Rather than “investing for the sake of it”, farmers should be investing to make their systems function better.
For example, mechanised feeding adds depreciation costs but lowers staffing costs and improves feed efficiency by reducing waste.
“It might take two or three years to pay back investment, but the efficiency might last for 10 years,” said Stuart Ashworth, head of economic services, speaking on the launch of QMS’s Cattle and Sheep Enterprise Profitability in Scotland report.
The report, which provides a snapshot of the industry during the 2012 calf and lamb crop year, compares the costs, revenues and margins achieved by the top third of producers, the bottom third and the sample average for each sector.

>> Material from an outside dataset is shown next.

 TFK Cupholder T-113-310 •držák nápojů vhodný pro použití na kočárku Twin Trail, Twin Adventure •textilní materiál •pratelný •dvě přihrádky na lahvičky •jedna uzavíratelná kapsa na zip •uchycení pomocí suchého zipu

Challenging weather had tested livestock farmers, the report said, with only intensive cereal-based cattle finishers improving margins during this time.
The report stated:
• Only 22% of the suckler herds surveyed reported a positive net margin from which to pay family labour and reward the risk capital invested in the business, down from 30% last year
• Margins were maintained more easily among store cattle finishers, where 59% of businesses surveyed achieved a positive net margin, little changed from the 60% which achieved this objective last year
• Falling margins among ewe flocks resulted in 19% of hill flocks returning a positive margin, down from 57% last year
• A total of 47% of upland flocks recorded a positive net margin, down from 100% last year
• Among lowground flocks 83% of those surveyed recorded a positive margin, down from 100% last year
• Half of the store lamb finishers achieved a positive net margin compared with 92% achieving this objective last year
“Nevertheless, even those businesses reporting positive net margins still struggled to deliver a fair return for labour and capital,” said the report.
Top-performing farms generally had high physical or technical performance, strong control over costs and maximised returns from the marketplace, it added.

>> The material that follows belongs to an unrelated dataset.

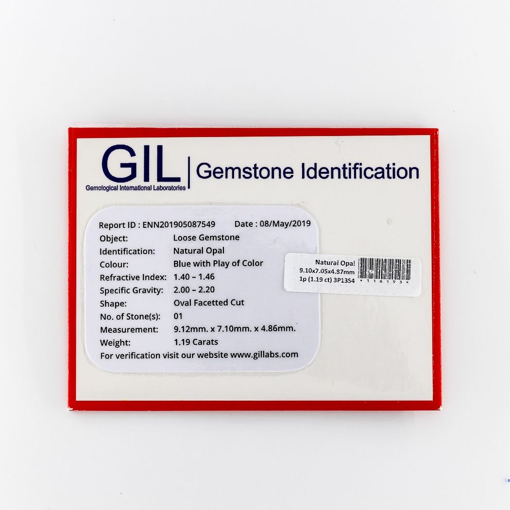 EXCEPTIONAL CERTIFIED 1.19 CT BLUE COLOR PLAY OPAL. FINE OVAL CUT MEASURING 9.12 x 7.10 x 4.86 mm. THIS FIRE OPAL DISPLAYS OUTSTANDING COLOR AND VIVID TONE WITH EXCELLENT CLARITY . INCREDIBLE LUSTER & BRILLIANCE . A MUST HAVE FOR ANY COLLECTOR. READY TO MOUNT

“These farmers tend to demonstrate striving for excellence,” said Mr Ashworth,
2012 produced lower margins, which came as “no surprise” to him, after the poor weather from the autumn right through to spring 2013 created “legacy issues”, with a 5% smaller Scottish lamb crop in 2013 and calf registrations struggling to match 2012 levels, he said.
A better winter and improved prices would help this situation, he said.
Prices across all livestock enterprises were generally better than last year, said Mr Ashworth. And, while costs were also higher than previous years, there was still a chance for farmers to improve on last year’s margins this year.
“There are the beginnings of some green shoots emerging,” he said. “Even in the bad winter, every business had some strengths and success stories. We need to look at other people’s success stories and think how we can apply them to our business,” he advised.